Редкие свидания с Лизанькой были для него праздником в этом томительном однообразии.
VII
Богдан обедал как-то у Стретневых в конце этой так прочувствованной им зимы; после обеда Стретнев ушел по обыкновению в свой кабинет. Богдан сидел в креслах у стола; Лизанька полулежала на диване. Были сумерки, они молчали. Лизанька вдруг взглянула на него и усмехнулась довольно горько…
– Я вспомнила, как вы прошлым летом гостили у нас в Р. Как недавно это было, а кажется, уж Бог знает сколько лет прошло с тех пор.
– Да будто многое в вас уже так изменилось? – спросил Богдан.
– Не только во мне. В вас, я думаю, больше…
– Нет, я все тот же.
– Где же! Вспомните наш разговор… или лучше, ваше ораторство в парке…
– Помню.
И в его воображении вдруг нарисовалась Лизанька, какой она представилась тогда ему, весной, при ясном небе, среди зелени. И на душе он почувствовал, словно как весна…

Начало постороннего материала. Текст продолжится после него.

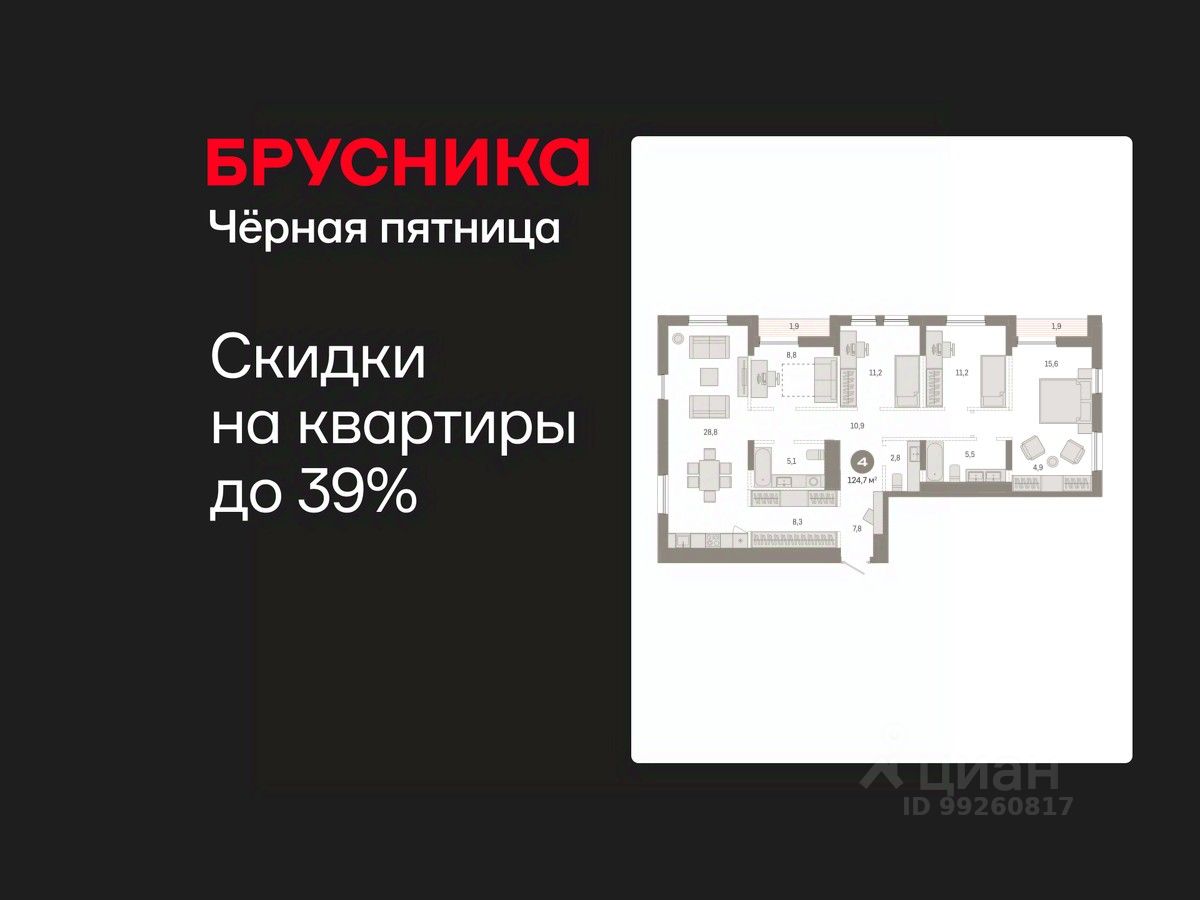 Продается четырехкомнатная квартира от застройщика с предчистовой отделкой в ЖК "Республики 205" на 17 этаже. Общая площадь: 124.71 кв.м., жилая: 46.8 кв.м., площадь просторной кухни-гостиной: 28.8 кв.м. Квартира без проходных комнат, окна выходят нa три cтopoны дома. В квартире две лоджии, два совмещенных санузла. Высота потолков 2.6 м.

Очутившись в его страстных объятиях, Лизанька испугалась. Она бы никогда не решилась произнести эту страшную фразу. Но другого спасения не было.
Она сказала:
– Богдан, я не люблю вас; я не могу любить…
Когда Богдан выходил из комнаты, она позвала его. Несколько минут она молча смотрела на него.
– Ради Бога, – сказала она нетвердым голосом, – вы уничтожите меня, если вы решитесь…
– На самоубийство? – заговорил он, – нет, я этого не сделаю.
Она в другой раз позвала его.
– Неужели мы не увидимся больше? – сказала она не то утвердительно, не то вопросительно.
– Нам не надо видеться, – сказал Богдан.
Она держала его руки в своих руках.
– Вы можете слушать меня хладнокровно? – спросила она.
– С чего мне горячиться!
Она смотрела на него, но не смела говорить.
– Мне тяжело будет не видеть вас… Но ведь я вам не дам счастья. Это эгоизм с моей стороны. Я не должна удерживать вас…
– Если можно разойтись – всегда лучше разойтись…
Она опустилась на диван. Он попробовал освободить свои руки…
– Вы не уедете, не повидавшись со мной?
– Я зайду к вам перед отъездом проститься…
Оставшись одна, Лизанька долго плакала. Она чувствовала всю сложность, натянутость своего положения, и оно давило ее. Она пошла в кабинет к своему мужу.
– Что с тобою? – спросил он, увидя ее взволнованной и с заплаканными глазами.
– Nicolas, – тихо сказала она ему; слова с трудом выходили из ее груди. – Я не люблю тебя… Мы не можем жить, как жили до сих пор…
– Душа моя, – отвечал муж, – романическое чувство не переживает медового месяца. Да его вовсе и не нужно. Я давно знаю, что ты в меня не влюблена. Но ведь я и не требую этого. Но мы же жили вместе хорошо и спокойно.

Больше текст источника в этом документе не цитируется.